A while back, I was having coffee with a famous Ugandan doctor in Nairobi at a fancy café in the suburbs.

We spoke about exile life of Ugandans in Kenya in the 1970s and early 1980s, and the status of affairs back home in the Pearl of Africa.

Very casually, he threw me a mind-bender: “You know, in the 1960s, the Ugandan middle class was larger than Kenya’s. In fact, it was the biggest in East Africa. Today, it is so much smaller than Kenya”, he said. “That really sums up the tragedy of Uganda’s lost years.”

I had never even remotely heard anything like that. I have looked at various numbers, read lots of stuff, but I haven’t conclusively resolved that claim by my doctor friend.

If you figure that the colonial experiences of Kenya (a settler colony), and Uganda’s (a protectorate governed through indirect British rule) were different, you can see how the fact that Uganda had a larger indigenous land-owning class nearly five decades earlier than Kenya, where they only “fell into things” after independence in 1963, it begins to make sense.

Which begs the question, how did Uganda’s middle class form around land? There are a 100 reasons how, but one is particularly intriguing, and little understood – or denied.

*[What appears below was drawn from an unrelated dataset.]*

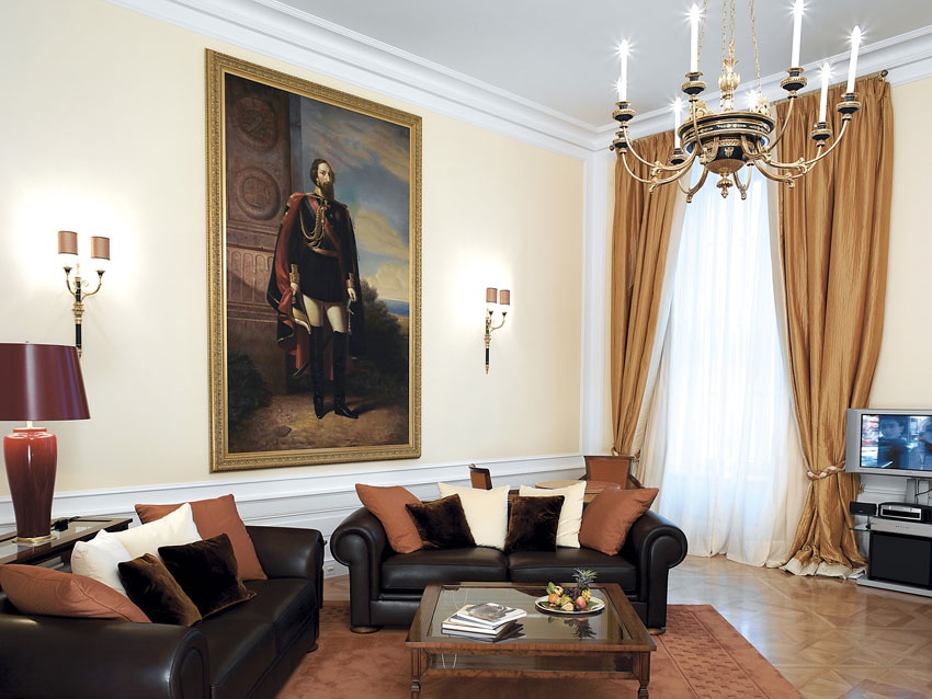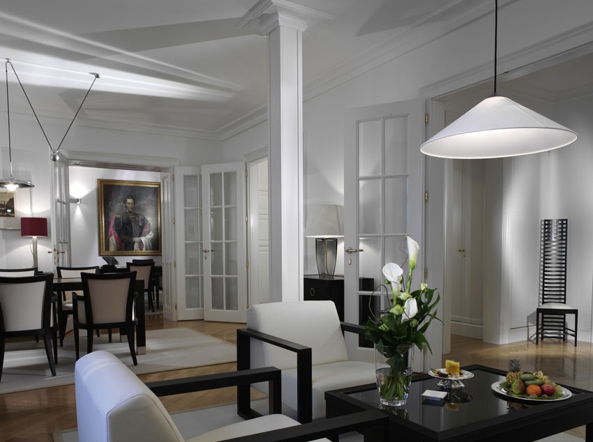 Imperial Suites: двухуровневые номера, расположенные над церемониальными залами дворца. Номера выполнены в имперском стиле, обставлены антикварной мебелью Бидермейр или эпохи Директории, украшены старинными хрустальными люстрами Lobmeyr.

Recently, Rwanda and Uganda have been having their seasonal bouts of bad political blood. On Sunday, the leaders broke the ice when Rwanda’s president Paul Kagame visited and held talks with President Yoweri Museveni in Entebbe.

At the end, Museveni tweeted: “I thank him [Kagame] for honouring my invitation. Uganda is home to Rwandans, literally and metaphorically (emphasis mine).”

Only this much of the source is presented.